(Source data)
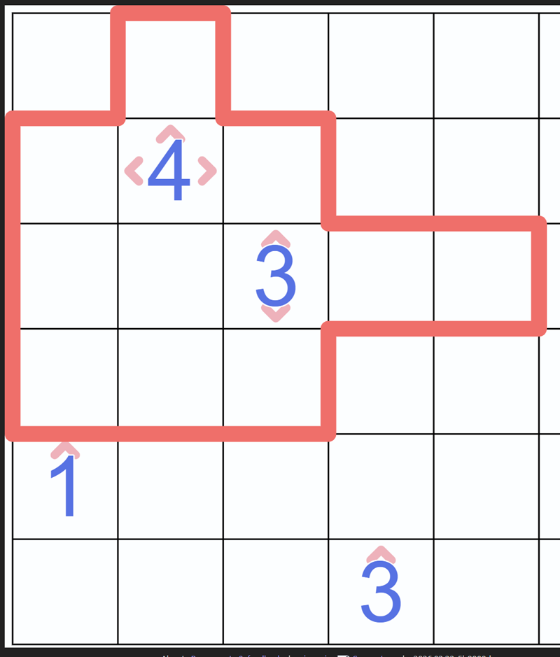 - For example, if a cell has two arrows and a 3 as its digit, each arrow sees a path piece 1 cell away (making 3 cells total including the arrow cell), and in the non-arrow directions any path piece must be at least 2 cells away.
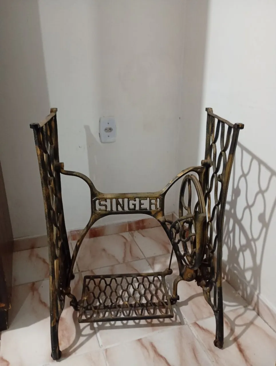 Linda base de máquina de costura Singer antiga, peça de colecionador ou para decoração vintage. Detalhes em metal com design clássico, ideal para dar um toque especial ao seu ambiente.
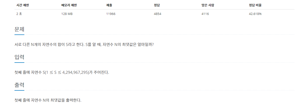 서로 다른 N개의 자연수의 합이 S라고 한다. S를 알 때, 자연수 N의 최댓값은 얼마일까?
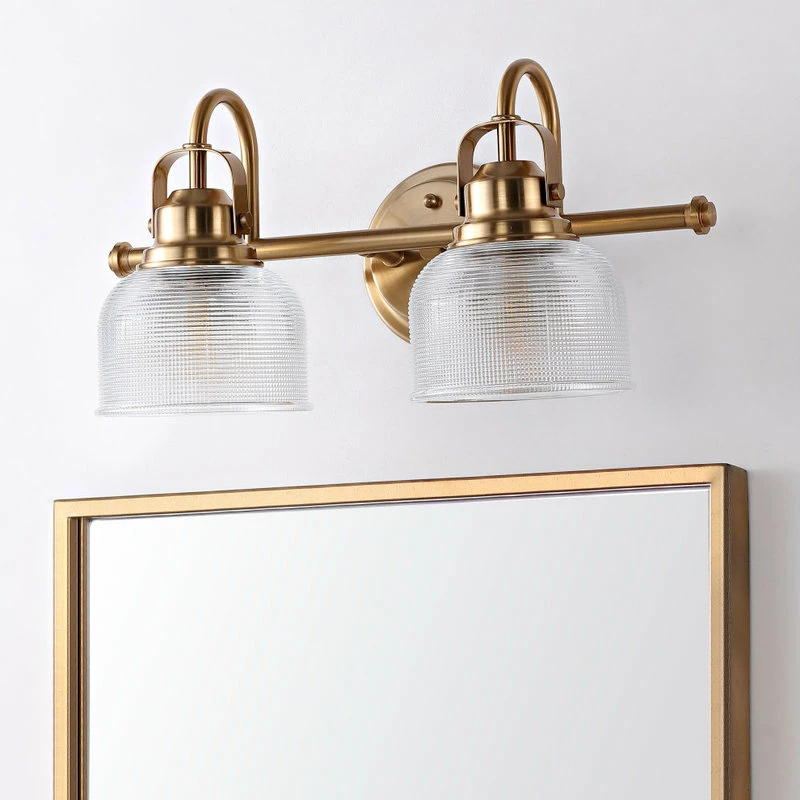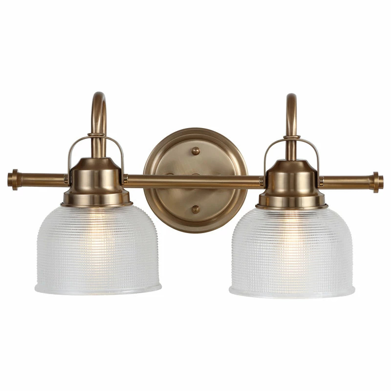 - Textured glass and brushed brass gold come together to create a chic, classic combination for this vanity light
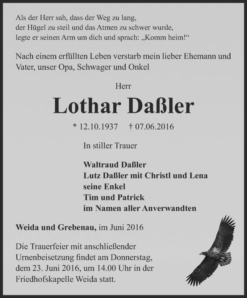 Hier finden Sie alle Traueranzeigen aus der Zeitung, die bisher für Lothar Daßler erschienen sind. Weitere Traueranzeigen, die in der Zeitung erscheinen, werden hier ebenfalls aufgelistet
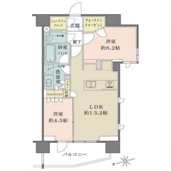 | 間取り | 2LDK | 専有面積 | 56.49m2(17.0坪) 壁芯 |
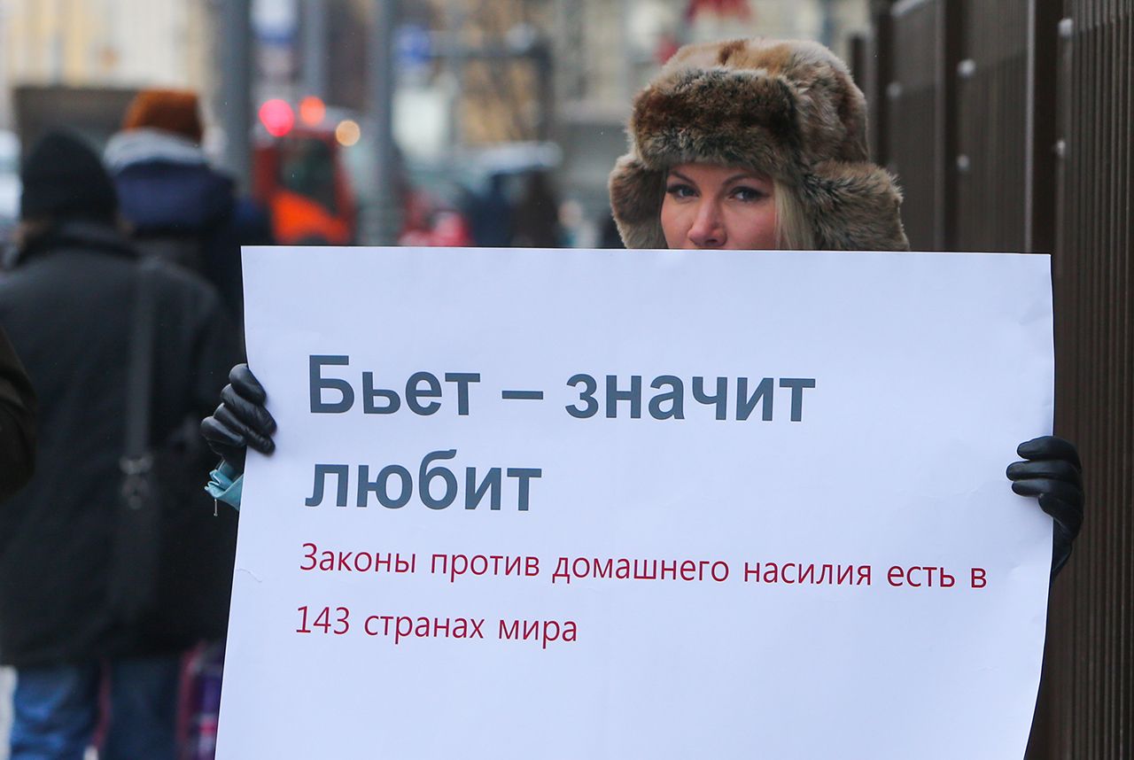 Владимир Гердо / ТАСС Алена Попова во время одиночного пикета против декриминализации побоев в семье около Госдумы. Москва, 2017 год
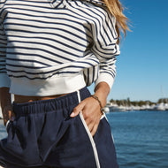 Set sail in the Marina Short, crafted from super-soft French terry cotton with maritime striping at the side panels for maximum comfort with a nautical vibe. Topped with a custom-fit elastic waistband, these seaside-inspired shorts are finished with contrast binding at the rounded dolphin hem.Pair with the Marina Crew Neck & Sailor Collar Sweatshirt for the full fit. (Sold separately)
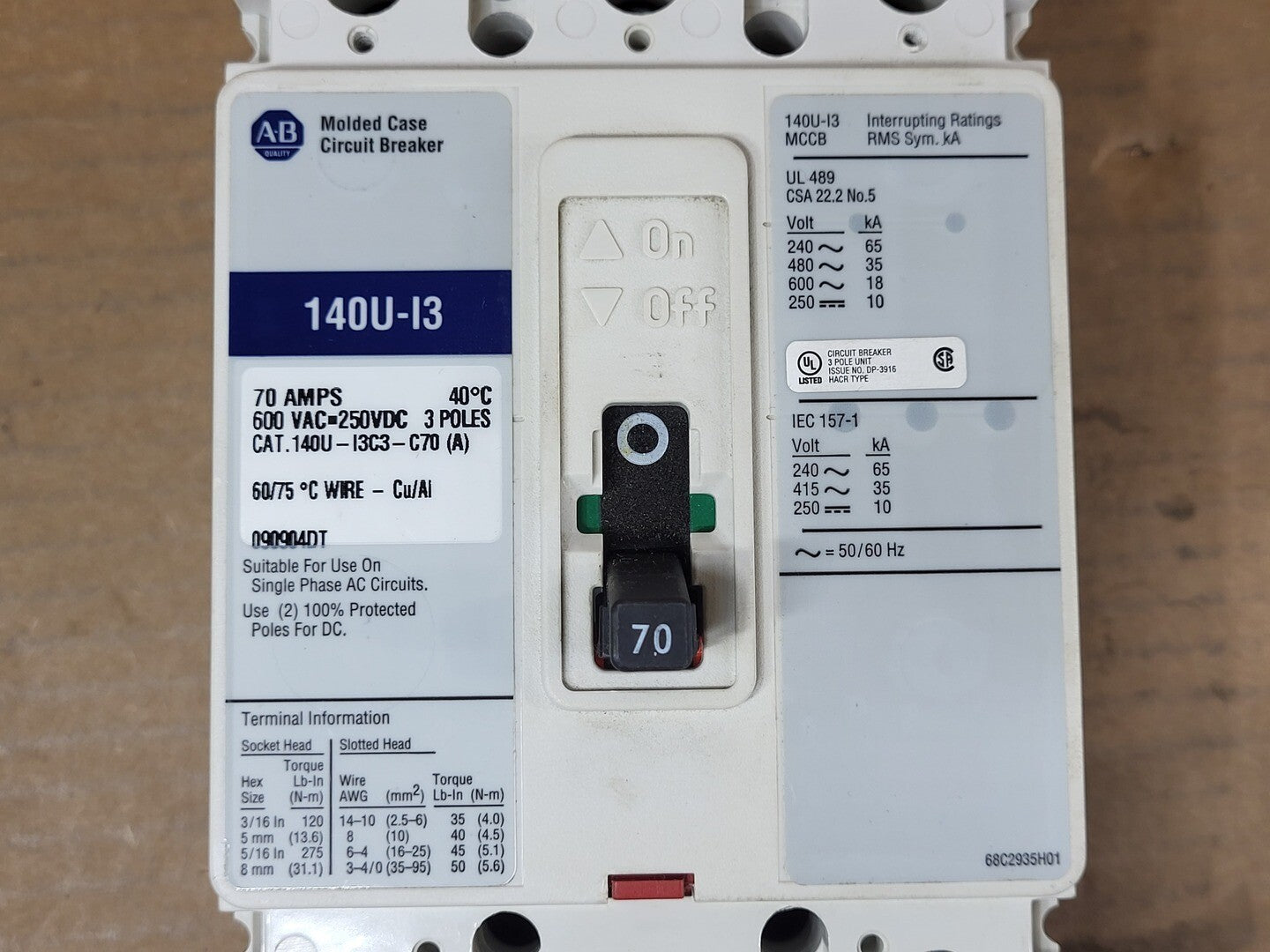 70 Amp, 3 Poles, 600 Volts Circuit Breaker 140U-I3C3-C70 w/ Limiter 140U-I-CLC70
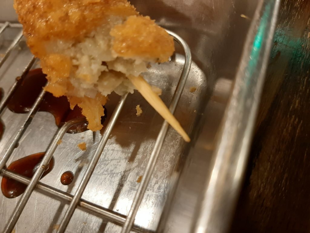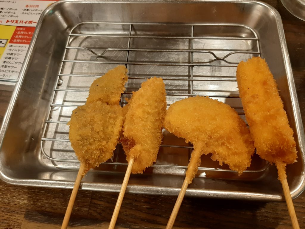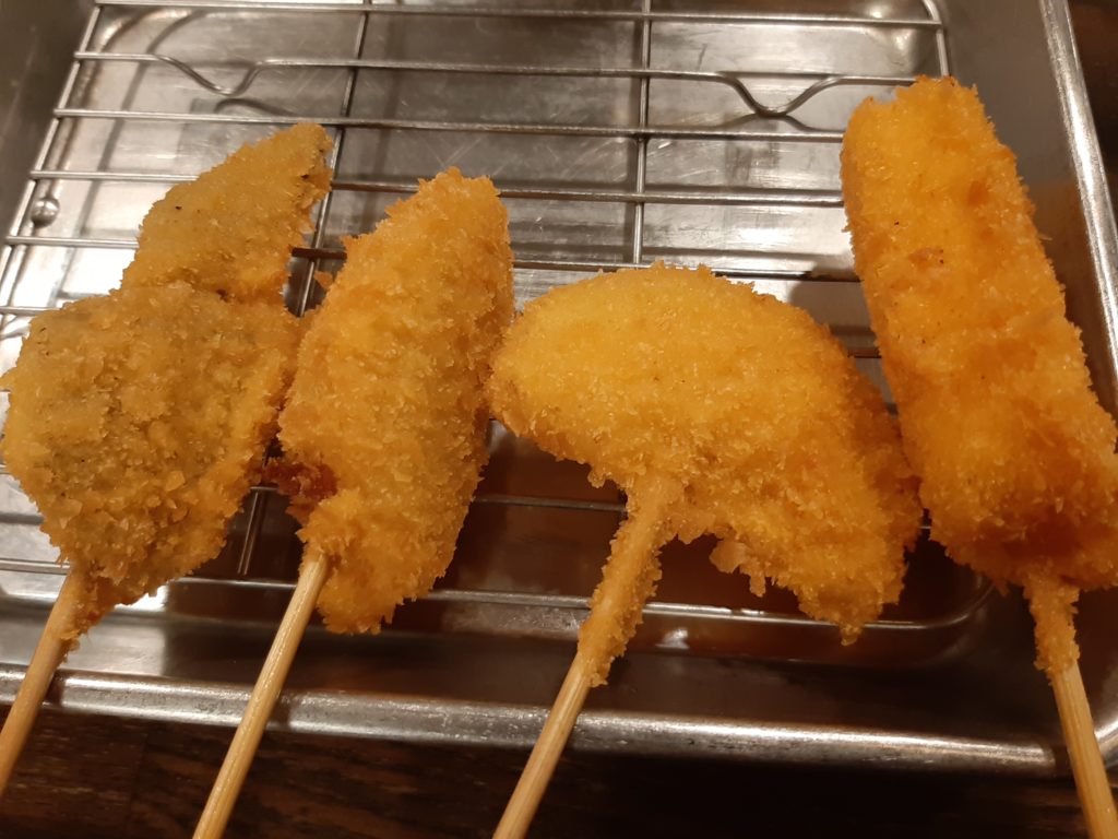 最後に頼んだのが、激安の串揚げです。オール50円のメニューの玉ねぎ、出汁巻き卵、餃子、なすの4本を注文しました。
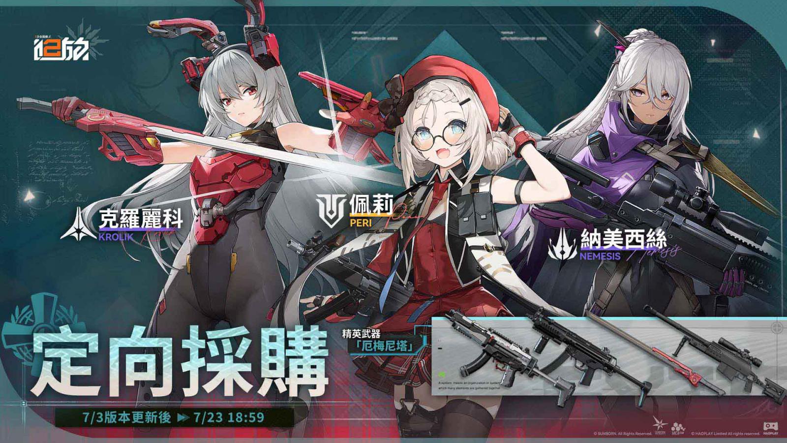 活動期間,在【定向採購】及【軍備提升】中,人形「佩莉」、「克羅麗科」、「納美西絲」及精英武器「厄梅尼塔」的獲取機率限時提升。
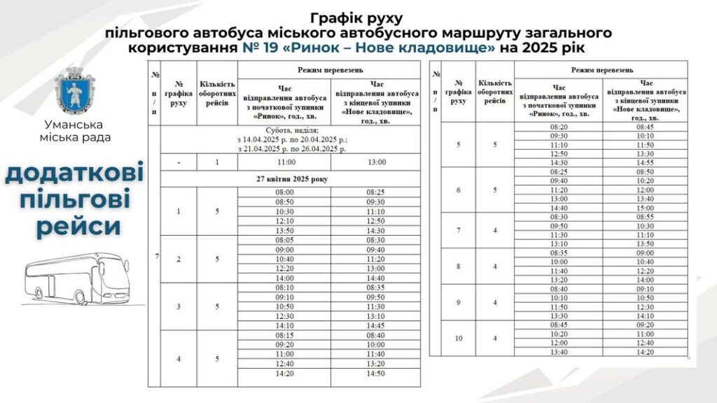 В Умані введуть додаткові пільгові рейси для автобусного маршруту № 19 «Ринок – Нове кладовище». Таке рішення ухвалили на засіданні виконавчого комітету.
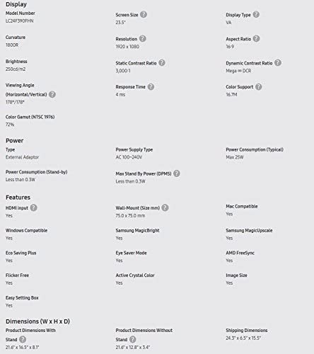 1800R curved monitor with 3000:1 contrast ratio provides a truly immersive viewing experience. Monitor has a tilt range of -2° ~ 20°. Featuring a glossy black finish and ultra slim design, the monitor boasts AMD FreeSync technology and Game Mode which allows users to enjoy smooth images, even during the fastest moving scenes.
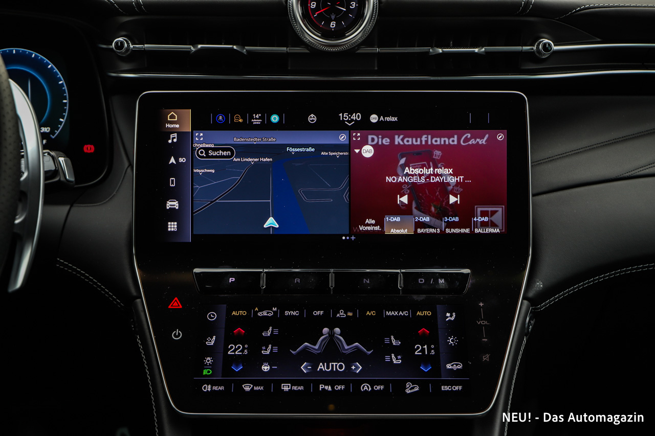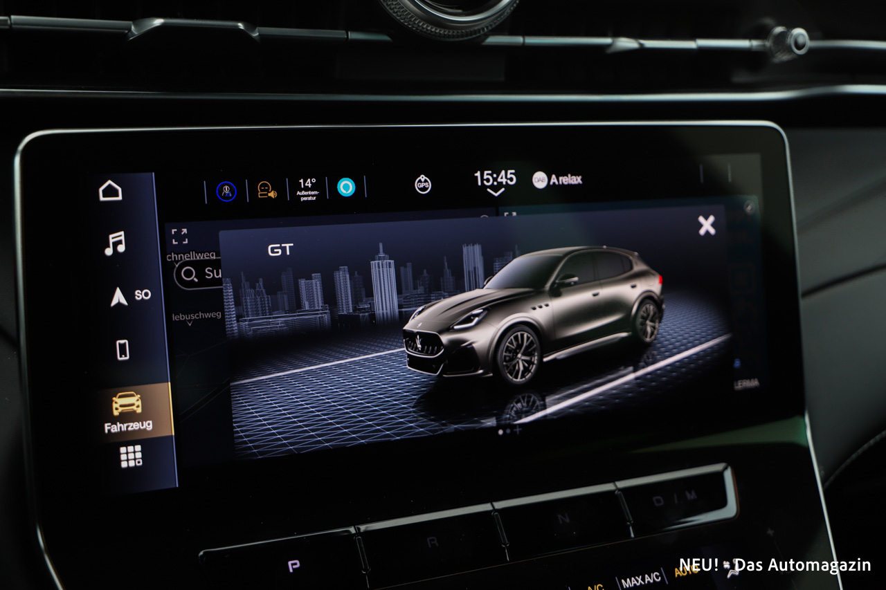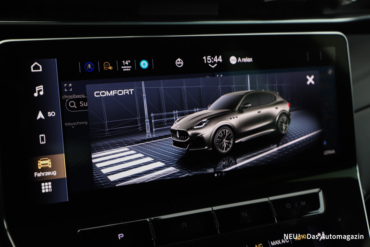 Die Bedienung ist allerdings stark touch-zentriert. Für Maserati-Puristen könnte das ein Streitpunkt werden, denn physische Knöpfe existieren praktisch nicht mehr, nicht einmal für die Lautstärke. Im Alltag überzeugte das System jedoch durch schnelle Reaktionen und klare Menüstrukturen. Dennoch: Wer bisher von Maseratis Analog-Charme lebte, wird hier eine Umstellung erleben.
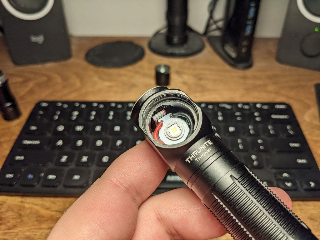 Thrunite chose the best overall throw LED on the market right now: Luminus SFT40. They could not have picked a better LED here. It sits in a smooth reflector to maximize throw. I was unable to loosen the bezel retaining ring and get inside with normal tools, but I designed & 3D printed a bezel removal tool (STL) that did the trick though.
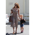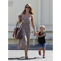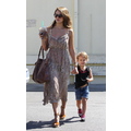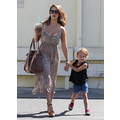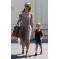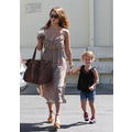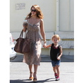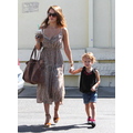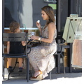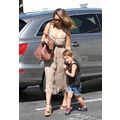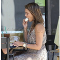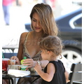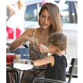 Jessica Alba eats a hard-boiled egg while eating lunch with daughter honor at Starbucks.
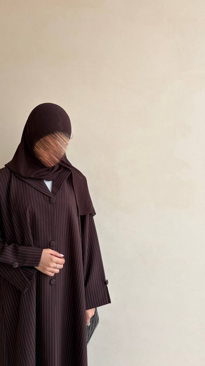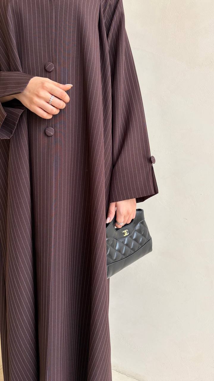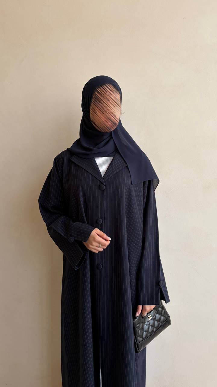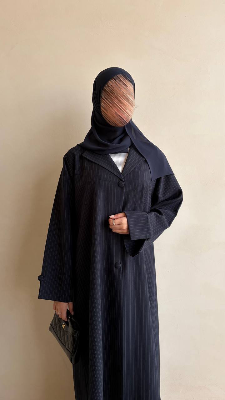 عباية بتصميم بليزر أنيق، مزينة بأزرار راقية تضيف لمسة عصرية وفخمة لإطلالة متجددة ومميزة.
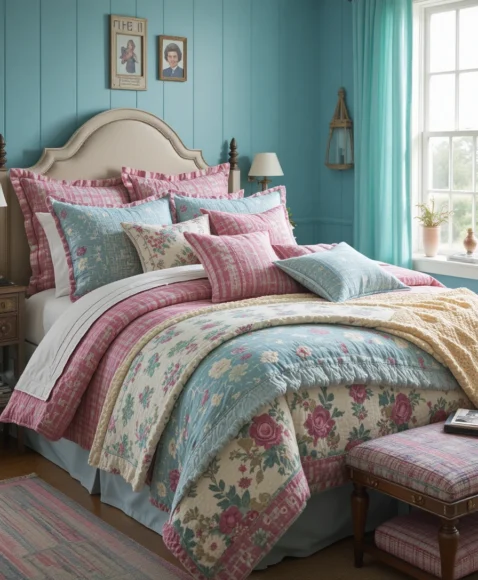 Layer your bed with comforters, quilts, and throws to create a welcoming and stylish look. Mixing textures and colors keeps the room visually interesting while maintaining a preppy, classic style. This layering approach also allows flexibility for seasonal updates.
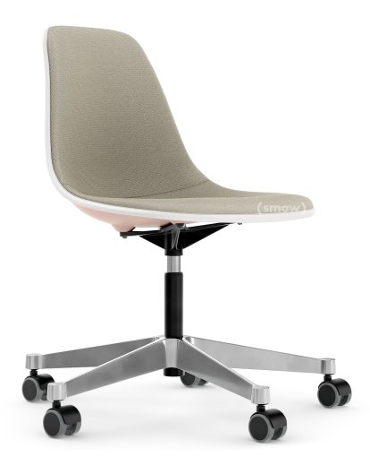 Eames Plastic Side Chair RE PSCC, Rose pâle, Rembourrage intégral, Gris chaud / ivoire
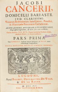 1712-1683. (HUMANIDADES). CANCERII, JACOBI: DOMICELLI BARBASTR. IUV. CLARISSIMI VARIARUM, RESOLUTIONUM JURIS CAESAREI, PONTIFICII, & MUNICIPALIS PRINCIPATUS CATHALUNIAE. PARS PRIMA (1712) Y PARS TERTIA (1683). Lugduni: apud Boudet, Declaustre, de...
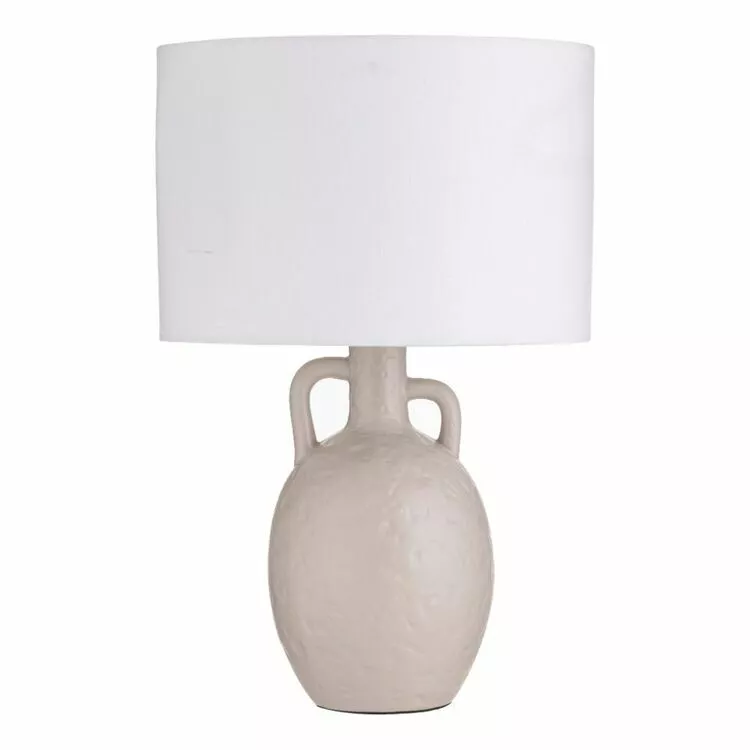 Elevate the charm and vibrance of your home using the Amalfi Hazel Ceramic Table Lamp. This Hazel Table Lamp is both gorgeous and practical with its design. The body is made from ceramic in a grey colour array. It has an organic dimple finish and character-enriched handles. The material shade complements it perfectly. The Hazel Ceramic Table Lamp is great for narrow side tables or smaller spaces. Display this stunning Ceramic Table Lamp in your home for a beautiful approach – try placing on a bedside table, shelf or office desk. .

▸ **Work required**
What is needed is an exact copy of the lines above from the one with "最後に頼んだのが、激安の串揚" to the one with "В Умані введуть", both ends kept, and nothing more; please leave the pictures out.

▸ **Exercise output**
 最後に頼んだのが、激安の串揚げです。オール50円のメニューの玉ねぎ、出汁巻き卵、餃子、なすの4本を注文しました。
 活動期間,在【定向採購】及【軍備提升】中,人形「佩莉」、「克羅麗科」、「納美西絲」及精英武器「厄梅尼塔」的獲取機率限時提升。
 В Умані введуть додаткові пільгові рейси для автобусного маршруту № 19 «Ринок – Нове кладовище». Таке рішення ухвалили на засіданні виконавчого комітету.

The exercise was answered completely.